> _Brief_: Could you write out exactly, and only, the lines from the one containing "Para Perrenoud (2000), as" through the last line of the data, leaving out all pictures?

> _Material provided_:
================================
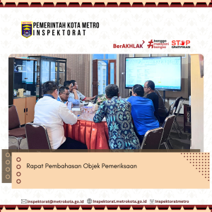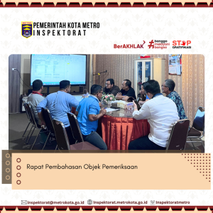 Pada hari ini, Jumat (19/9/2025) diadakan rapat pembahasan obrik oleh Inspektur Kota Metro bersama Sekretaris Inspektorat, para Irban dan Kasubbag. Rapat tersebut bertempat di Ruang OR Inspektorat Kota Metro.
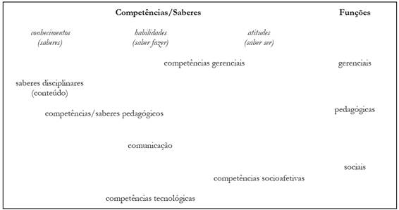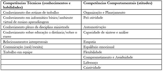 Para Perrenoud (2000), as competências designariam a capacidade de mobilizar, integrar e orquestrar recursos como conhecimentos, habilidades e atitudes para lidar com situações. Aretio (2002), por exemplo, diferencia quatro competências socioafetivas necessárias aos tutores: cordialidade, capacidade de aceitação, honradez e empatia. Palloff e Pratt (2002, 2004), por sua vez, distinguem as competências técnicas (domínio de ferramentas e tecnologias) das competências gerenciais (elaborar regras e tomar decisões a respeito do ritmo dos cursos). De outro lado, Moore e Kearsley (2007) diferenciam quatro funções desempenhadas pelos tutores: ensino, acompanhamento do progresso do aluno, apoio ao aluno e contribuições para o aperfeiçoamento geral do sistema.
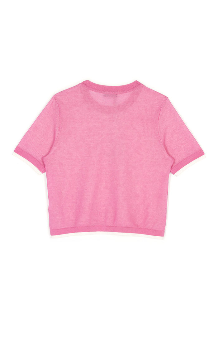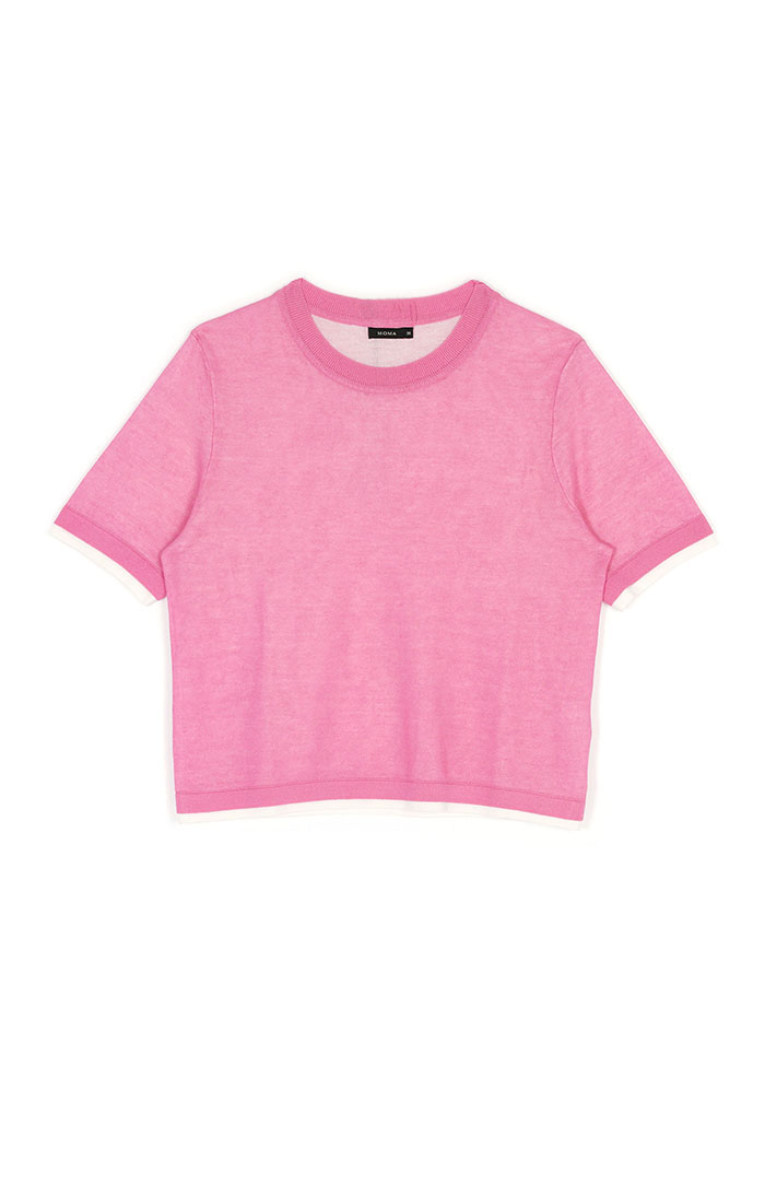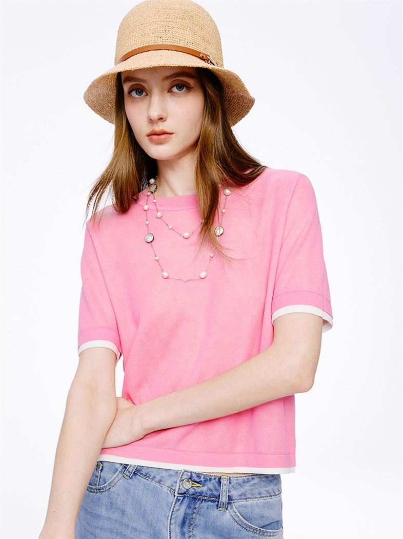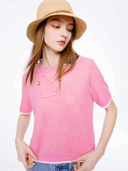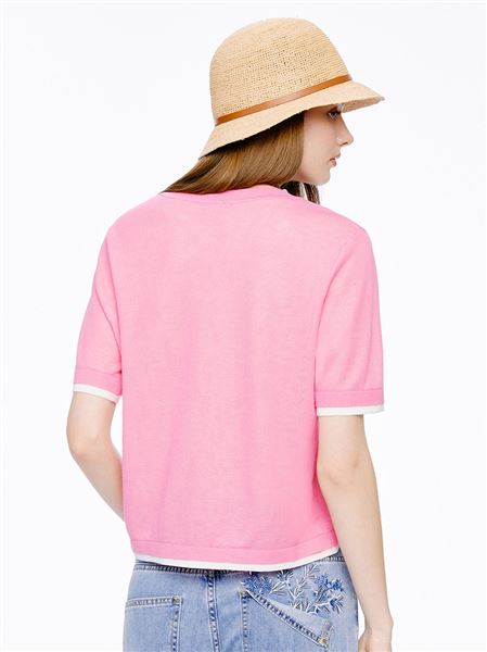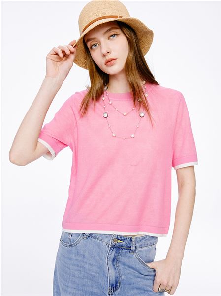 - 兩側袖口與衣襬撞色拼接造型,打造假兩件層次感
================================
> _Solution for this task_:
 Para Perrenoud (2000), as competências designariam a capacidade de mobilizar, integrar e orquestrar recursos como conhecimentos, habilidades e atitudes para lidar com situações. Aretio (2002), por exemplo, diferencia quatro competências socioafetivas necessárias aos tutores: cordialidade, capacidade de aceitação, honradez e empatia. Palloff e Pratt (2002, 2004), por sua vez, distinguem as competências técnicas (domínio de ferramentas e tecnologias) das competências gerenciais (elaborar regras e tomar decisões a respeito do ritmo dos cursos). De outro lado, Moore e Kearsley (2007) diferenciam quatro funções desempenhadas pelos tutores: ensino, acompanhamento do progresso do aluno, apoio ao aluno e contribuições para o aperfeiçoamento geral do sistema.
 - 兩側袖口與衣襬撞色拼接造型,打造假兩件層次感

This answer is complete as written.